Because information is the key to success for so many businesses, non-compete and non-solicitation clauses have become a common aspect of employment agreements in Canada. These kinds of restrictive covenants are meant to limit an employee’s ability to start working for an employer’s competitor or bolster a new employer’s business by hurting that of the former employer.
Canadian courts, however, are unlikely to enforce a restrictive covenant that is ambiguous or too restrictive. To protect against unfair competition, businesses must ensure that employment contracts, including non-compete and non-solicitation agreements, are balanced and carefully drafted.
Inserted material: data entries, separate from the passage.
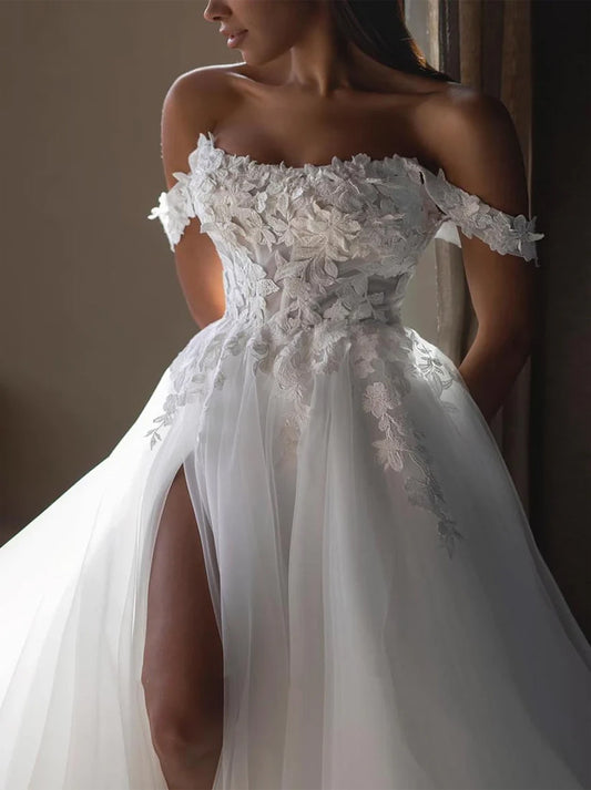 Gorgeous A-Line Beach Wedding Dresses Off The Shoulder Appliqued Cap Sleevels Tulle Sweep Train Bridal Gowns With Slit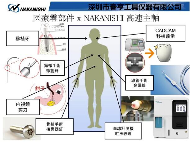 日本NAKANISHI中西NSK高速主轴随着科技发展,被广泛用于医疗零部件加工。使用应用案例说明,如下: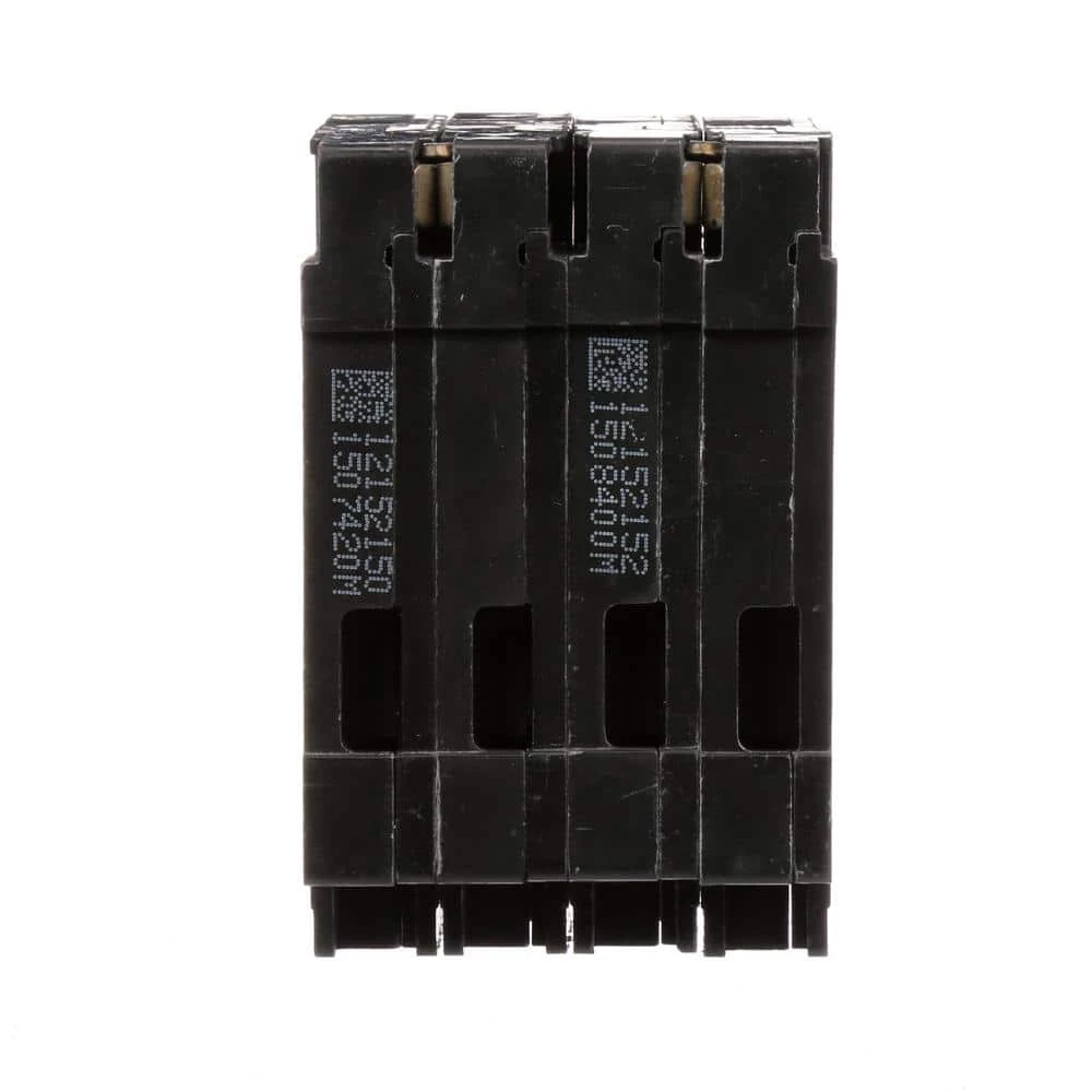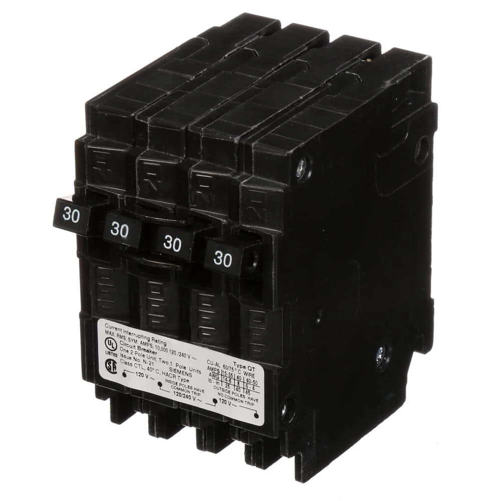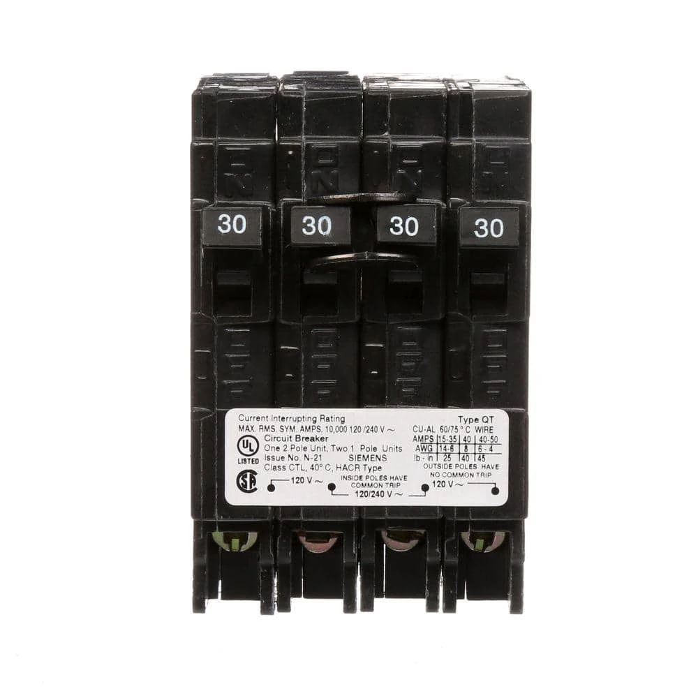 Siemens Triplex Type QT breakers are a 1/2 in. frame per pole and are suitable for use in Siemens panels that allow CTL type QT breakers. This Breaker has (2) 20 Amp Single Pole(s) Breakers and (1) 30 Amp Double Pole Breaker in one 2 in. housing. Siemens strongly recommends against the use of used breakers. The installation of used breakers in a Siemens panel will void the warranty on the panel. Siemens does not sell used breakers and has not approved any 3rd party sellers to do so. Siemens type QT dual circuit breakers are 1 in. wide and consist of (2) 1-pole breakers, in varying combinations of ampere ratings from 15 to 30 Amp. Type QT quad circuit breakers are 2 in. wide and consist of either (1) 2-pole and (2) 1-pole, or (2) 2-pole breakers. 2-pole constructions range from 15-50 Amps and are available with internal common trip. All type QT circuit breakers are plug-in style and load terminals are provided with the units. They are rated for 120/240-Volt AC and calibrated for 40C maximum ambient applications. The standard interrupting rating is 10k AIC.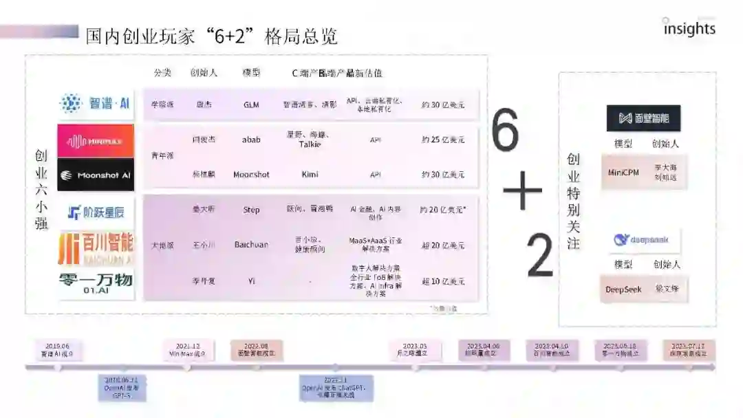 模型 在模型维度上,本章将根据各家创业公司特点有侧重地介绍其研发历程、模型能力特点、架构特色、矩阵构成、Benchmark成绩、AGI路径规划等情况中的一到三项。 应用 在应用维度上,本章将根据各家创业公司特点有侧重地介绍其大模型应用矩阵、特色应用、主力应用、实现功能、用户数据、战略特点、生态布局、付费模式等情况中的一到三项。 融资 在融资维度上,本章将介绍各家创业公司融资历程,具体包括历次融资时间、轮次、金额、估值及投资机构。 团队 在团队维度上,本章将介绍各家创业公司核心团队成员情况,具体包括教育背景、学术影响力、重要头衔、相关工作履历等信息。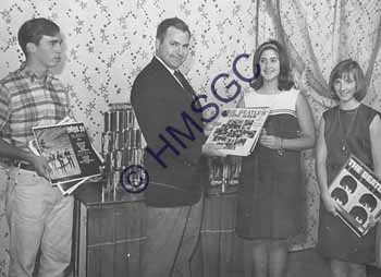 Accession Number:2001-51.351 Accession Date: Condition:good Location:Ward, box 6, folder 21 Keywords:1960, Ward, Chancellor, KTTS television, radio, teenagers, albums, records, Beatles, children Area of Origin:Springfield, MO Period:ca. 1960 Category:documentary artifact Object:print, photographic Maker:uk Description/History:A black and white photo of teenagers holding Beatles albums. KTTS man stands center. News-Leader Photo Information:

The Supreme Court of Canada has already ruled that ambiguities in restrictive covenants make such clauses generally unenforceable. A court is also unlikely to find a non-compete clause enforceable if it stipulates too long of a time period during which a former employee is not allowed to work for a competitor, or if a geographic restriction in the clause is ambiguous or overly broad.
You can read about a specific restrictive covenant ruling by the Supreme Court in Overholt Law LLP‘s article, “Restrictive covenants need to avoid ambiguity to be enforceable.”
The lawyers of Overholt Law LLP know how to draft restrictive covenants, and particularly non-competition and non-solicitation clauses, that are reasonable and enforceable in B.C. and throughout Canada. We also represent clients involved in disputes over employment agreements.
Employees today change employers far more frequently than employees in past generations, and companies and employees alike should ensure that their contracts are fair and precise. Not taking this important step could prove costly to both parties.